I spent my summer suffering through hourly hot flashes, two Mercury retrograde periods, selling my house, moving, finding a job, getting back on the dating horse, and generally freaking out big time. I also managed to squeeze in going to ALA, not going bankrupt, and turning 48.Obviously the big stressors were selling my house, where I lived for fifteen years, and moving into a rental house with my two kids and two cats; no one was excited about this change of address least of all me. It was part of my divorce, and I could not put it off any longer.
Since my twenties, I have had a near nightly recurring dream about having to move. It is as horrible as it sounds.
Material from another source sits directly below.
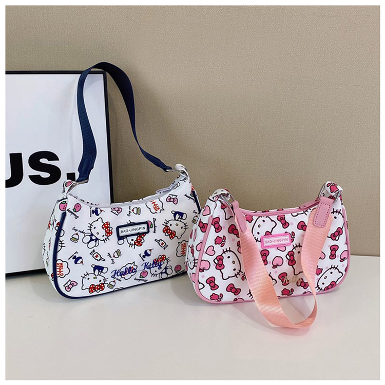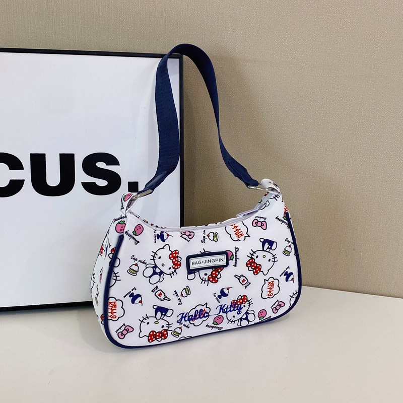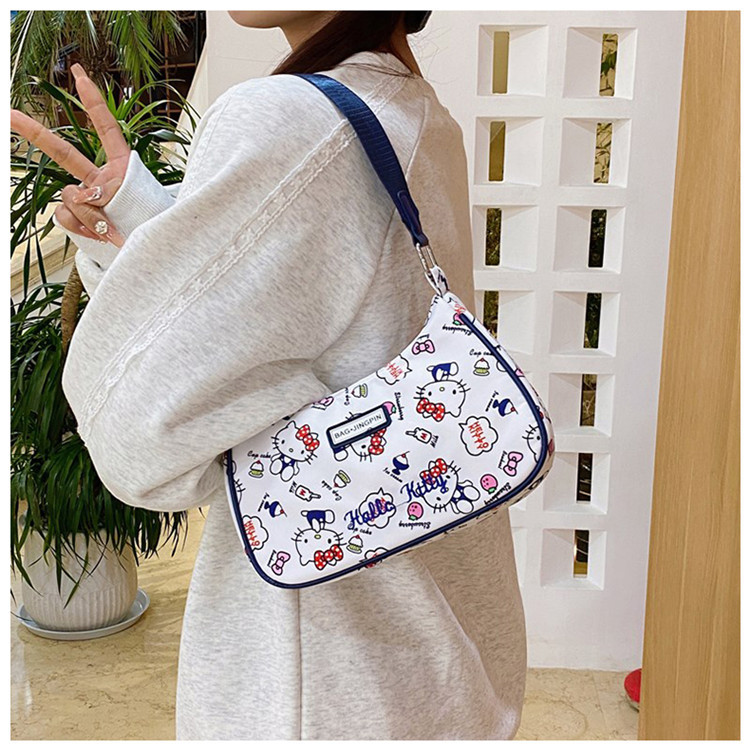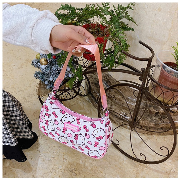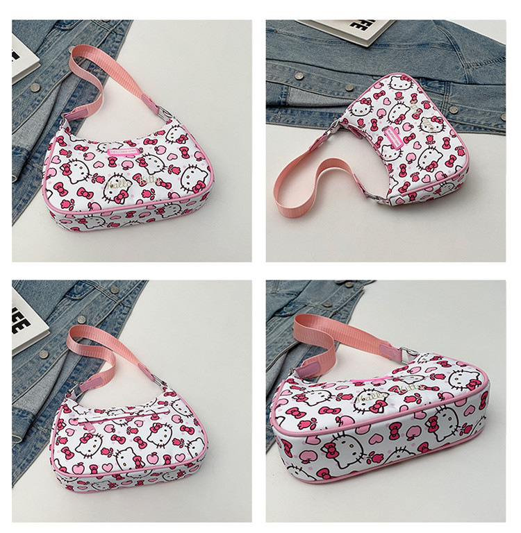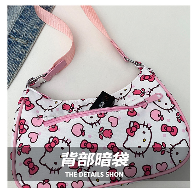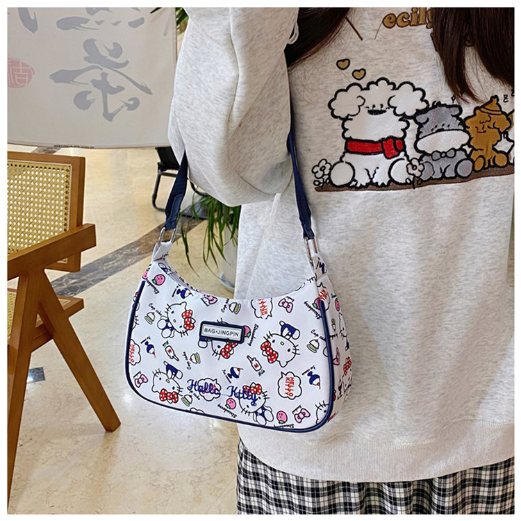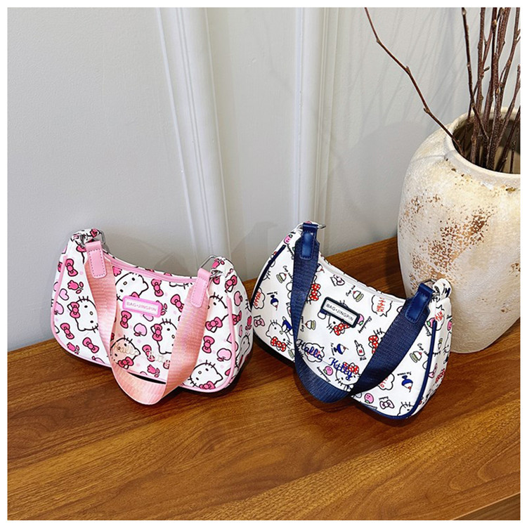 소녀 만화 스타일 KT 고양이 크로스 바디 백 2025 봄과 여름 새로운 도착 여성을위한 귀여운 하이 숄더 언더암 가방 핸드백스토어 가기

Moving in real life began to feel like one of my nightmares, with that slow motion film quality dreams have. I zombie walked through most of it as well as the sale of the house. I felt ground down, small and defeated. My real estate agent said I would feel such relief at the end of the “process” but I only felt a dull hollow ache for my life that was no longer.
During this hot and heavy time, I was still churning out cover letter and resumes, and interviewing in the summer heat, dripping sweat on the desks of prospective employers.
I am so looking forward to fall and my extra hour of daylight savings sleep! All hail autumn!